As he champions his energy policy it is clear that as the “energy president” he has a fatally biased and narrow vision. His father, President George H. W. Bush, was an oilman in his time. George, Sr. started as an oilfield supply salesman and eventually founded or co-founded three oil companies: Bush-Overby Oil Development, Zapata Petroleum, and Zapata Off-Shore. Likewise, George, Jr. has oil industry experience. After graduating from Harvard Business School in 1973 he began business researching mineral rights for larger oil companies. He founded the appropriately, if ill named, Arbusto Energy, which before it could go bust changed its name and was merged into another oil company, Spectrum 7. Two years later, Harken Energy bought Spectrum 7, and George, Jr. was out of the oil business before he could do any serious harm.

One biography attributes his lack of success in oil to the falling prices of the times, which raises questions about our president’s strategic vision regarding the oil industry. The time to get into oil is when prices were rising, not falling. But George, Jr., one step behind the times, went for it anyway. He does not understand the word “energy” the way most of us do; when he says “energy” he really means “oil”. It has been reported on CNN that Enron, the Texas energy company (“Houston, we have a problem…”) was consulted with the Bush administration at least six times in the formulation of the President’s “energy” policy. George W. Bush has correctly identified energy resources as an issue of importance, but his judgment on energy strategy is at best suspect, particularly when it comes to oil.

In his 1996 article “What is Strategy?” in the Harvard Business Review Michael E. Porter, head of the Institute of Strategy and Competitiveness at Harvard Business School, addresses the issue of defining what business one is in. He describes how the great American railroad barons of the late 19th and early 20th centuries defined themselves as being in the railroad industry when they should have defined themselves as being in the transportation industry. Companies that adopted the automobile, specifically its cargo-carrying cousin the truck, eventually left the great railroad companies eating dust instead of transportation business. They could not compete because they were in yesterday’s game, not tomorrow’s.

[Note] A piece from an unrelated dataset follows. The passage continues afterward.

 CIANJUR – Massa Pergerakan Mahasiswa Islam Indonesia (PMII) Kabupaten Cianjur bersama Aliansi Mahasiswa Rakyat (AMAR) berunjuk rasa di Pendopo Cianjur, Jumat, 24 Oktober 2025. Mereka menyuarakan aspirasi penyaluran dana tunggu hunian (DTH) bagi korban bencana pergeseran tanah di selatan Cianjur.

The United States is facing and will continue to face increasing competition for the world’s scarce resources. As world population levels rise, so will resource consumption rates. As more and more countries model the United States and adopt democracy and the free market economic system, they will model our phenomenal consumption rates.

Since World War II the United States has been the economic engine of the world. Insulated by oceans and a vast continent, blessed with a political and economic system that unleashes creativity, our industrial capacity hummed when the other industrial powers of the world lay in the smoking ruins of Europe. But Europe is no longer smoking ruins. Europe is no longer divided against itself. A young “United States of Europe” is late in its third trimester, and it will have the economic and political power to compete with the United States of America. And then there is the monolith of the east, China. As China liberalizes its economy and integrates it with that of the world, it too will become an increasing formidable economic competitor of the United States. And those are just the larger competitors. They too will all want energy. They too will all want oil. But oil is neither renewable nor sustainable in the long run.

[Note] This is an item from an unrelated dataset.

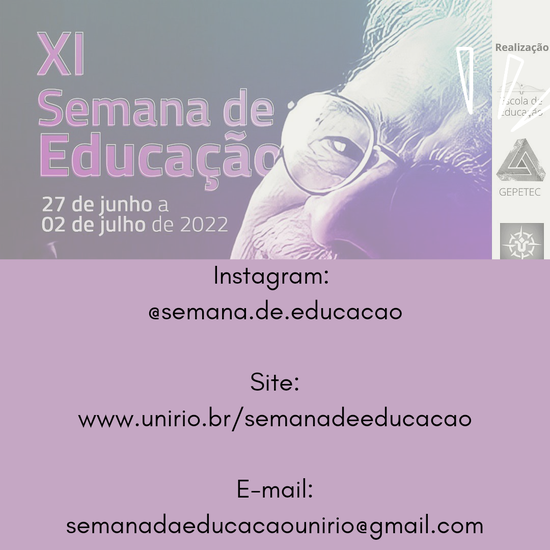 Outras informações estão disponíveis na página http://www.unirio.br/semanadeeducacao.

Resource exploitation is yesterday’s game. Conservation is today’s game, and sustainable energy sources is tomorrow’s. The Bush energy plan relies far too heavily on exploitation of non-renewable energy sources at the expense of not just irreplaceable ecological jewels, not just at the expense of conservation and sustainability, but also at the expense of the United States’ ability to compete in tomorrow’s world economy. Other countries, notably Europe, are leading the way in renewable energy development and they will gain a competitive advantage.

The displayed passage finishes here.